Toward Secure LLM Agents: a 247-paper SoK that reframes agent security as a systems problem

A June 9, 2026 arXiv survey of 247 papers maps LLM-agent security onto the agentic loop and finds defenses that work in isolation but barely compose — and benchmarks that miss long-horizon, stateful risk.

2026-06-18 // 6 min affects: llm-agents, tool-use, multi-agent-systems, coding-agents, web-agents

What is this?

Toward Secure LLM Agents: Threat Surfaces, Attacks, Defenses, and Evaluation is a systematization-of-knowledge (SoK) survey posted to arXiv on June 9, 2026 (arXiv:2606.10749) by Yuchen Ling, Shengcheng Yu, Zhenyu Chen and Chunrong Fang (Nanjing University and the Technical University of Munich), prepared for ACM TOSEM. It synthesizes 247 papers published between January 2023 and April 27, 2026 into a single, auditable picture of how the field actually looks.

Its central argument is one this site keeps returning to: once a language model is wired into a loop that plans, calls tools, keeps memory and acts on the outside world, security stops being about unsafe text and becomes a software-and-systems problem — trust boundaries, delegated authority, and persistent state. The survey is valuable less for any single attack than for the map it draws, and for the gaps that map makes visible.

How it works

The authors built the corpus through an auditable hybrid pipeline — database retrieval across six sources, a bounded LLM-assisted expansion step (used to widen recall, never as an inclusion oracle), and citation snowballing — then hand-coded every paper. A PRISMA-style flow took 275 audited records down to a normalized 247. Each paper was tagged against the stages of the agentic loop: input, planning, decision, tool execution, output, memory/state, monitoring, and multi-agent coordination.

That lifecycle lens is the contribution.
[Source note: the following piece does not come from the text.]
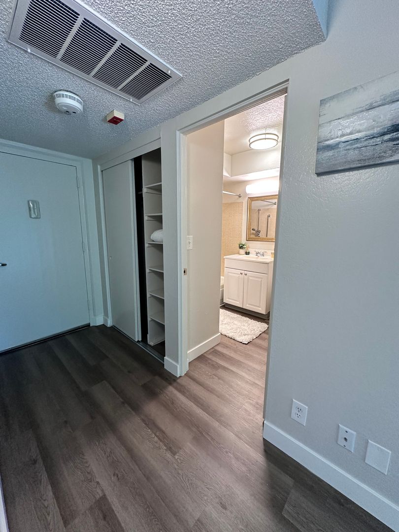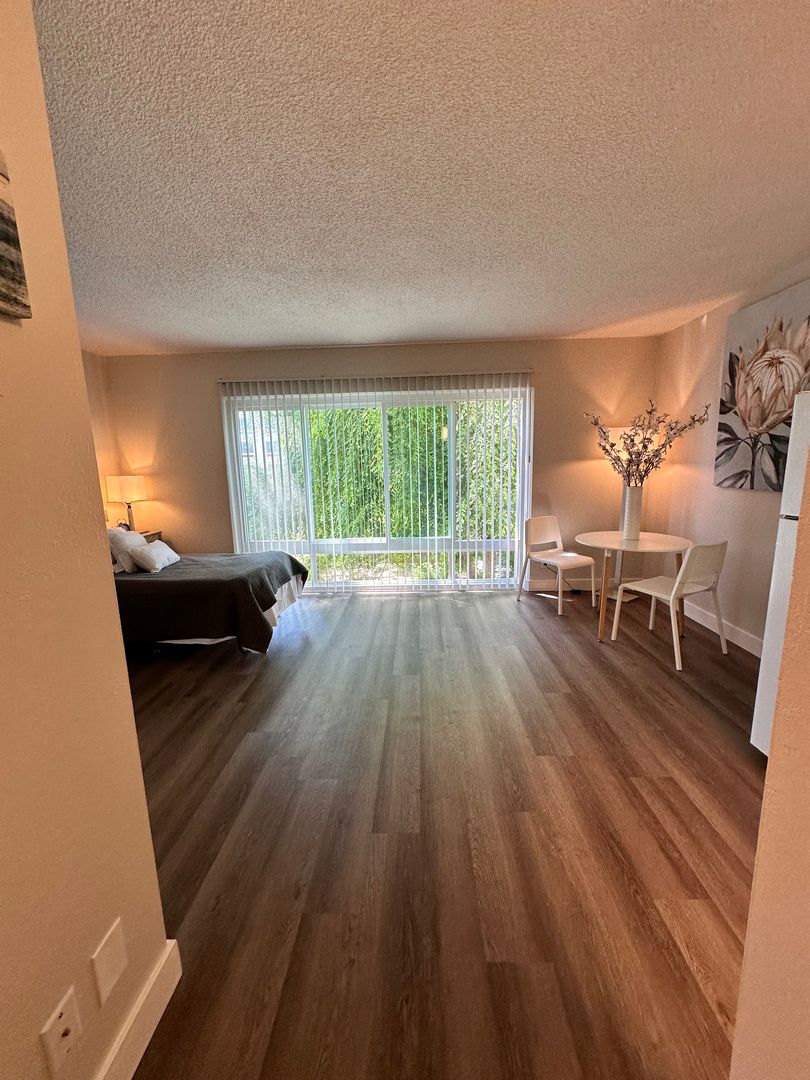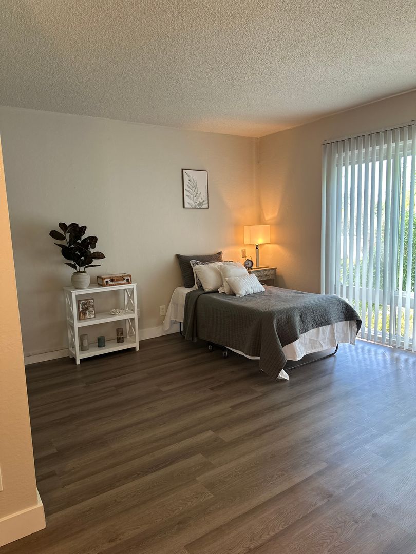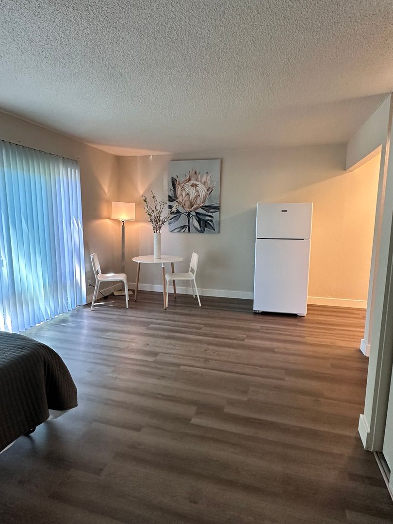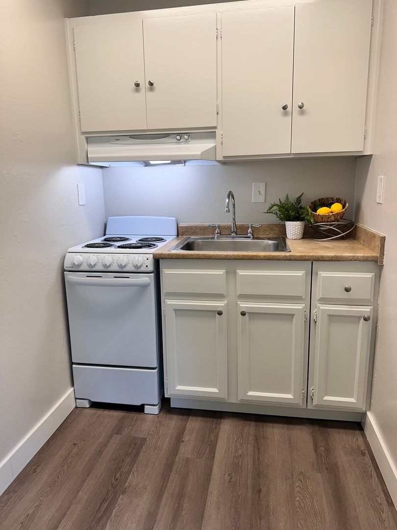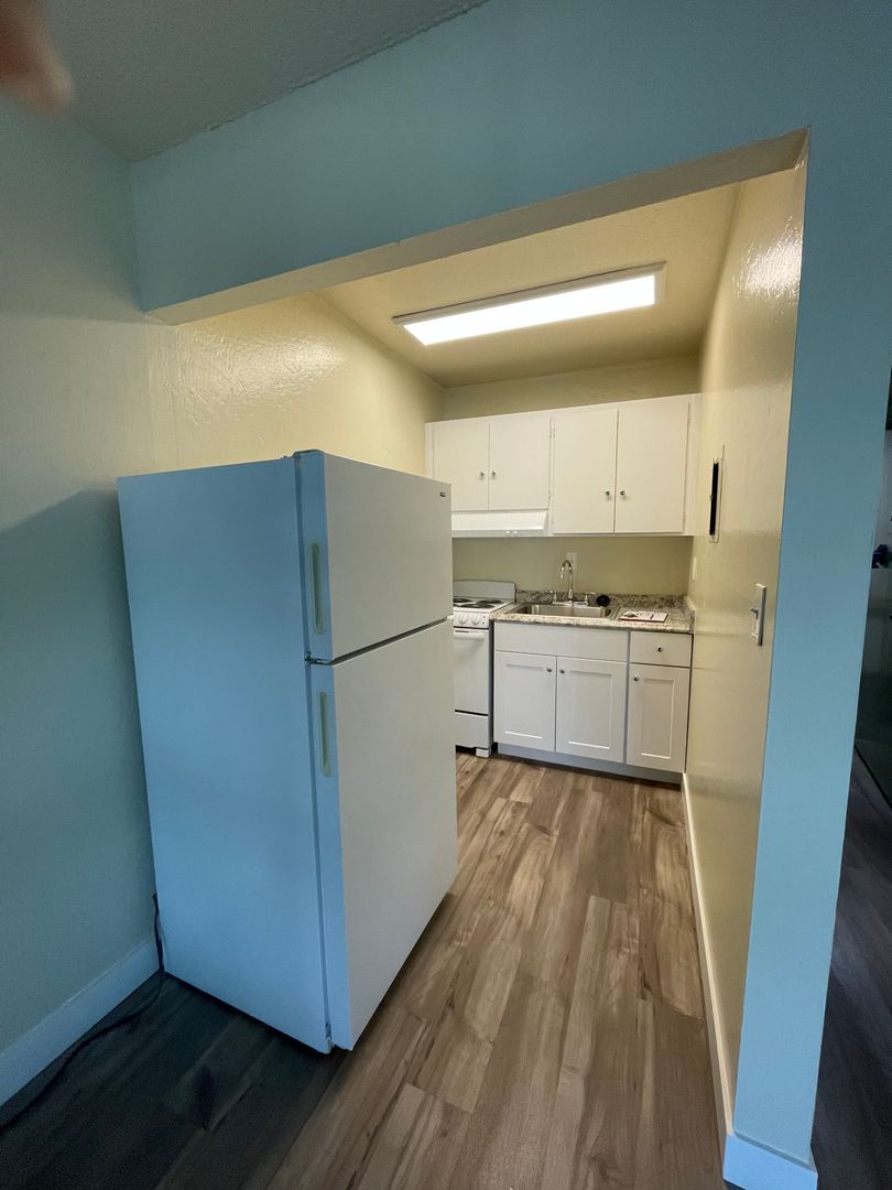 This apartment home features a living space open to a compact kitchen. As you walk into the apartment, there is a midsize coat and a linen closet. The kitchen includes cabinet space, an electric range, garbage disposal, and a full size refrigerator. The living area features a large double paned window, a generous wardrobe closet, and an emergency pull cord. For your convenience, the bathroom has an emergency pull cord, grab bars, and includes a shower wand in the shower. Rent includes one meal per day, utilities, and cable service.

Instead of cataloguing attacks in isolation, the survey traces how untrusted information becomes a control decision, how that decision meets delegated authority, and how state persistence changes the system’s security properties over time. Four research questions structure the synthesis: how agent security should be modeled (RQ1), which threat surfaces dominate (RQ2), what defenses exist and at what cost (RQ3), and how claims are evaluated (RQ4).
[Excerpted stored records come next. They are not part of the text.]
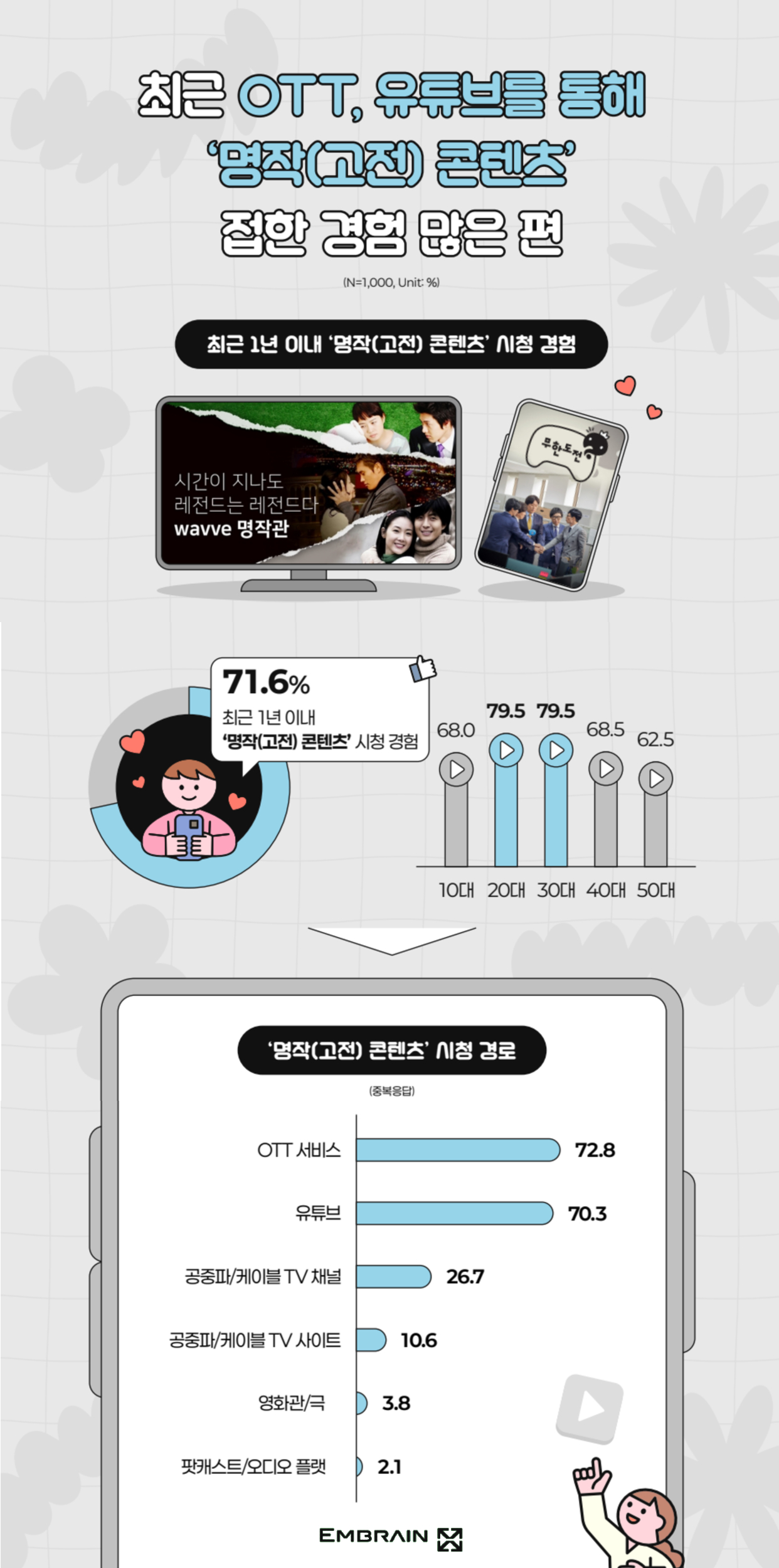 - 71.6%, “최근 1년 이내 ‘명작 드라마’ 시청한 경험 있어”
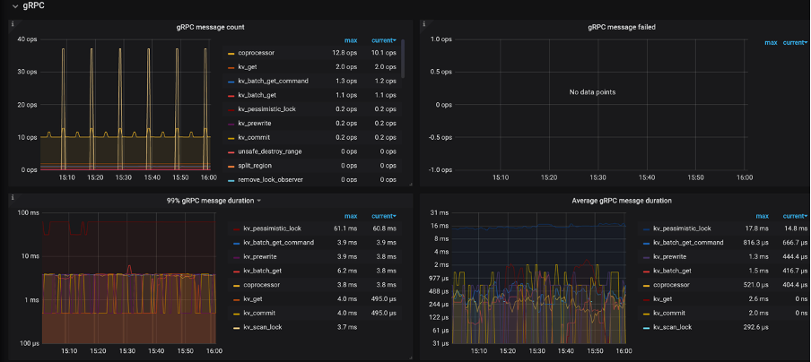 TiKV-Detail → gRPC → gRPC message duration:gRPC 消息的执行时间
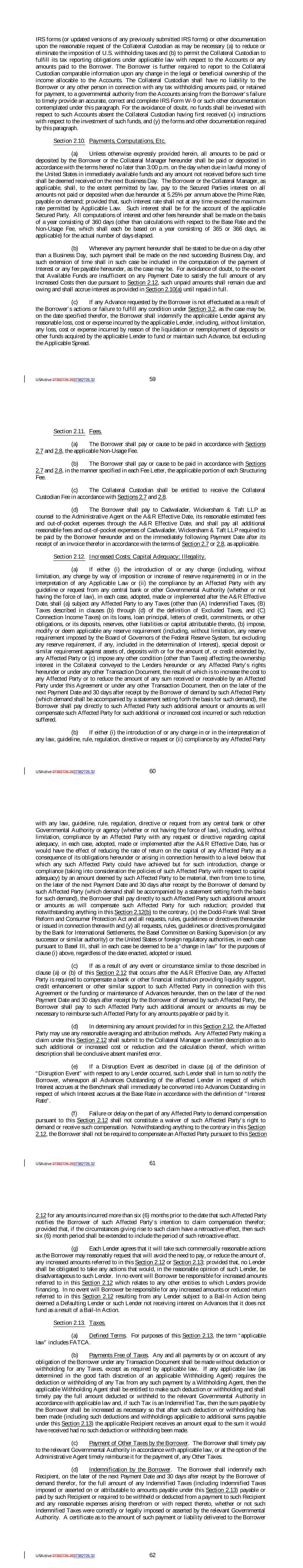 IRS forms (or updated versions of any previously submitted IRS forms) or other documentation upon the reasonable request of the Collateral Custodian as may be necessary (a) to reduce or eliminate the imposition of U.S. withholding taxes and (b) to permit the Collateral Custodian to fulfill its tax reporting obligations under applicable law with respect to the Accounts or any amounts paid to the Borrower. The Borrower is further required to report to the Collateral Custodian comparable information upon any change in the legal or beneficial ownership of the income allocable to the Accounts. The Collateral Custodian shall have no liability to the Borrower or any other person in connection with any tax withholding amounts paid, or retained for payment, to a governmental authority from the Accounts arising from the Borrower’s failure to timely provide an accurate, correct and complete IRS Form W-9 or such other documentation contemplated under this paragraph. For the avoidance of doubt, no funds shall be invested with respect to such Accounts absent the Collateral Custodian having first received (x) instructions with respect to the investment of such funds, and (y) the forms and other documentation required by this paragraph. Section 2.10. Payments, Computations, Etc. (a) Unless otherwise expressly provided herein, all amounts to be paid or deposited by the Borrower or the Collateral Manager hereunder shall be paid or deposited in accordance with the terms hereof no later than 3:00 p.m. on the day when due in lawful money of the United States in immediately available funds and any amount not received before such time shall be deemed received on the next Business Day. The Borrower or the Collateral Manager, as applicable, shall, to the extent permitted by law, pay to the Secured Parties interest on all amounts not paid or deposited when due hereunder at 5.25% per annum above the Prime Rate, payable on demand; provided that, such interest rate shall not at any time exceed the maximum rate permitted by Applicable Law. Such interest shall be for the account of the applicable Secured Party. All computations of interest and other fees hereunder shall be made on the basis of a year consisting of 360 days (other than calculations with respect to the Base Rate and the Non-Usage Fee, which shall each be based on a year consisting of 365 or 366 days, as applicable) for the actual number of days elapsed. (b) Whenever any payment hereunder shall be stated to be due on a day other than a Business Day, such payment shall be made on the next succeeding Business Day, and such extension of time shall in such case be included in the computation of the payment of Interest or any fee payable hereunder, as the case may be. For avoidance of doubt, to the extent that Available Funds are insufficient on any Payment Date to satisfy the full amount of any Increased Costs then due pursuant to Section 2.12, such unpaid amounts shall remain due and owing and shall accrue interest as provided in Section 2.10(a) until repaid in full. (c) If any Advance requested by the Borrower is not effectuated as a result of the Borrower’s actions or failure to fulfill any condition under Section 3.2, as the case may be, on the date specified therefor, the Borrower shall indemnify the applicable Lender against any reasonable loss, cost or expense incurred by the applicable Lender, including, without limitation, any loss, cost or expense incurred by reason of the liquidation or reemployment of deposits or other funds acquired by the applicable Lender to fund or maintain such Advance, but excluding the Applicable Spread. USActive 37382726.2937382726.32 59 Section 2.11. Fees. (a) The Borrower shall pay or cause to be paid in accordance with Sections 2.7 and 2.8, the applicable Non-Usage Fee. (b) The Borrower shall pay or cause to be paid in accordance with Sections 2.7 and 2.8, in the manner specified in each Fee Letter, the applicable portion of each Structuring Fee. (c) The Collateral Custodian shall be entitled to receive the Collateral Custodian Fee in accordance with Sections 2.7 and 2.8. (d) The Borrower shall pay to Cadwalader, Wickersham & Taft LLP as counsel to the Administrative Agent on the A&R Effective Date, its reasonable estimated fees and out-of-pocket expenses through the A&R Effective Date, and shall pay all additional reasonable fees and out-of-pocket expenses of Cadwalader, Wickersham & Taft LLP required to be paid by the Borrower hereunder and on the immediately following Payment Date after its receipt of an invoice therefor in accordance with the terms of Section 2.7 or 2.8, as applicable. Section 2.12. Increased Costs; Capital Adequacy; Illegality. (a) If either (i) the introduction of or any change (including, without limitation, any change by way of imposition or increase of reserve requirements) in or in the interpretation of any Applicable Law or (ii) the compliance by an Affected Party with any guideline or request from any central bank or other Governmental Authority (whether or not having the force of law), in each case, adopted, made or implemented after the A&R Effective Date, shall (a) subject any Affected Party to any Taxes (other than (A) Indemnified Taxes, (B) Taxes described in clauses (b) through (d) of the definition of Excluded Taxes, and (C) Connection Income Taxes) on its loans, loan principal, letters of credit, commitments, or other obligations, or its deposits, reserves, other liabilities or capital attributable thereto, (b) impose, modify or deem applicable any reserve requirement (including, without limitation, any reserve requirement imposed by the Board of Governors of the Federal Reserve System, but excluding any reserve requirement, if any, included in the determination of Interest), special deposit or similar requirement against assets of, deposits with or for the amount of, or credit extended by, any Affected Party or (c) impose any other condition (other than Taxes) affecting the own

The corpus itself tells a story. It grows from 3 papers in 2023 to 42 in 2024 and 121 in 2025, with 81 more collected by April 27, 2026 — already a third of the total. And 68% of the corpus is arXiv preprints, with only a handful at NDSS, CCS or ICSE. The field is expanding fast but is still pre-standardized: terminology, threat models and evaluation protocols have not settled.

Why it matters

Three findings are worth carrying into design reviews.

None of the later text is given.